Publié le 14 févr. 13 11:58:55 GMT+01:00
Jlenjo dit:
Papi, tu es un tendre finalement (pourquoi finalement d'ailleurs ?). Je rectifie : tu es un tendre. Non, ce n'est même pas ça, c'est autre chose, beaucoup de choses, ça va loin et c'est beau.
vu avec plein de "+" émus également.

En réponse à un message antérieur du 21 juin 13 14:25:11 GMT+02:00
Dernière modification par l'auteur le 21 juin 13 14:52:32 GMT+02:00
Cela est la faute de Bag...Son com sur Mazetier.

Le problème entre l'inné et l'acquis pour les sentiments.
Rouvrons la guerre Diderot - Rousseau.
Le progrès est source de catastrophe pour l'un. La nature est source de progrès pou l'autre.
Ton com sur Mazetier m'a fait lire la presse de tous courants sur son projet : Supprimer le terme maternel(le). Cette dame (divine Ocypéte*) m'a irrité.
La relation que l'on peut avoir avec sa mère est irrationnelle.
M'est revenu en mémoire cet épisode. Je n'ai pas mis témoignage mais anecdote pour m'en dédouaner...
Pourquoi cette nuit, ce jeune n'a-t'il imploré que sa mère ? Pour un père on a du respect, de la fierté, de l'orgueil, pour ses frères et soeurs de l'amour. (La storgé des grecs).
La mère ? Dans le désespoir on cherche le refuge où s'apaiser, "l'empreinte génomique parentale" est évidente.
Pas un instant il n'a parlé de son père, de ses frères et soeurs, de sa famille ; dans son désarroi le seul lien qui le retenait encore au fait de vivre c'était sa mère comme un espoir éperdu. Il y a là des réponses que la génétique devrait pouvoir donner.

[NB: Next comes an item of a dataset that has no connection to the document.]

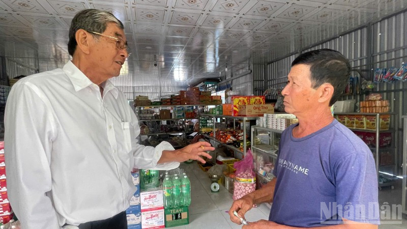 Vượt quãng đường lắt léo men theo kênh, tăng bo bằng xe máy leo qua những cây cầu hẹp vanh, bắc cao vượt kênh rạch, chúng tôi vào ấp Thịnh Tây A, xã Đông Hòa (An Giang). Biết ông đến, người dân cứ từ đâu kéo tới. Những gương mặt sạm đen vì nắng gió cười như tỏa nắng.

A une époque où l'on veut nous faire changer de société, (pourquoi pas ?) tout un chacun est en droit de poser et de se poser des questions.
Mais un dialogue de sourd s'installe avec le gouvernement.
À cours d'arguments nos idéocrates voudraient nous faire croire qu'il s'agit d'homophobie !
Essayons d'être sérieux sur un tel sujet qui va engager les générations futures.
Bien sûr que tout le monde a le droit de vivre avec qui bon lui semble sans entraves et sans condamnations.
Mais en sémantique le terme mariage implique la filiation. Et la procréation ne s'obtient pas en un claquement de doigt.

*une des harpies - "elles enlevaient dans leurs serres l'âme des enfants".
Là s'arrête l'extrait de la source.